The Olympic Games have yet to really fire the imagination in Rio de Janeiro as the host city faces a number of challenges in a country mired in political and economic crises. On Wednesday there are 100 days to go.
Rio de Janeiro (dpa) - Rio's mayor Eduardo Paes has recently been opening a new sports venue almost every week. Now 98 per cent of the venues are ready, organizers say ahead of the first Olympic Games to be held in South America.
"The biggest challenges in organizing these mega events have now been overcome," Paes said during the 10th and last visit by an inspection team from the International Olympic Committee (IOC).

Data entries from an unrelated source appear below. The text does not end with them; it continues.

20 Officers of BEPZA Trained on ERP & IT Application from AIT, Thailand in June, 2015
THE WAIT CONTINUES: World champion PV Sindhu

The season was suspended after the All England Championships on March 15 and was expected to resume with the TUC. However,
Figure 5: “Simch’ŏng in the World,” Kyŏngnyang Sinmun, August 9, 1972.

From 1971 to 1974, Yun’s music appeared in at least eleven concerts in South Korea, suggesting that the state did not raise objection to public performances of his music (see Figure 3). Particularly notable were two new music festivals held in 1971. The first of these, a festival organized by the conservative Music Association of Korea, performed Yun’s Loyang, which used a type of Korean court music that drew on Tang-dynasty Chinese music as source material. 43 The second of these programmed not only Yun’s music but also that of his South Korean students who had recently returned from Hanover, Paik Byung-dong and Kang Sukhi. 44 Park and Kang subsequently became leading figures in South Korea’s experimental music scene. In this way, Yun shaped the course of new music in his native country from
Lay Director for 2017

IOC executive director Christophe Dubi agreed that "the fundamentals are in place" and that "all is coming to fruition" for the Games.
ROLE MODEL BARCELONA 1992
Paes's great ideal is Barcelona 1992. As with the Spanish host city, Paes would like a joyful, light-hearted feel to the Games with fabulous imagery to help create a tourist boom in one of the world's most beautiful cities. He wants to avoid stadiums standing empty after the Games. One 10,000-capacity venue will be turned into a school when the Olympics are over.

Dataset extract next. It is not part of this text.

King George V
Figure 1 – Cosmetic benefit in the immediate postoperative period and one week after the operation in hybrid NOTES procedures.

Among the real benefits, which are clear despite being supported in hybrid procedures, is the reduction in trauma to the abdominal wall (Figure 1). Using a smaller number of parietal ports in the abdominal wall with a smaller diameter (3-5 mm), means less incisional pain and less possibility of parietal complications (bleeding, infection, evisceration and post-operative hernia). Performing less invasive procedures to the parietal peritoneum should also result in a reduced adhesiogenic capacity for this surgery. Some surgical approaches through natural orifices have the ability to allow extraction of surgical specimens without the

SPORTS VENUES WILL BE READY
The new swimming arena with its artistic facade is the jewel of the Olympic Park. A natural ventilation system has been worked into the aquatic centre's design. Only the velodrome is behind schedule, but will be ready on time. Unlike Athens 2004, the venues are not the biggest problem for organizers, even though some sports federations have complained about much smaller spectator capacities than in London four years ago.
The renovated athletics stadium (60,000 capacity), the home of Botafogo Football Club, stages the track and field competition. The paramount aim for the organizers is sustainability and a cost-conscious Games. As such there no "real" Olympic Stadium, with the opening and closing ceremonies in the Maracana football temple.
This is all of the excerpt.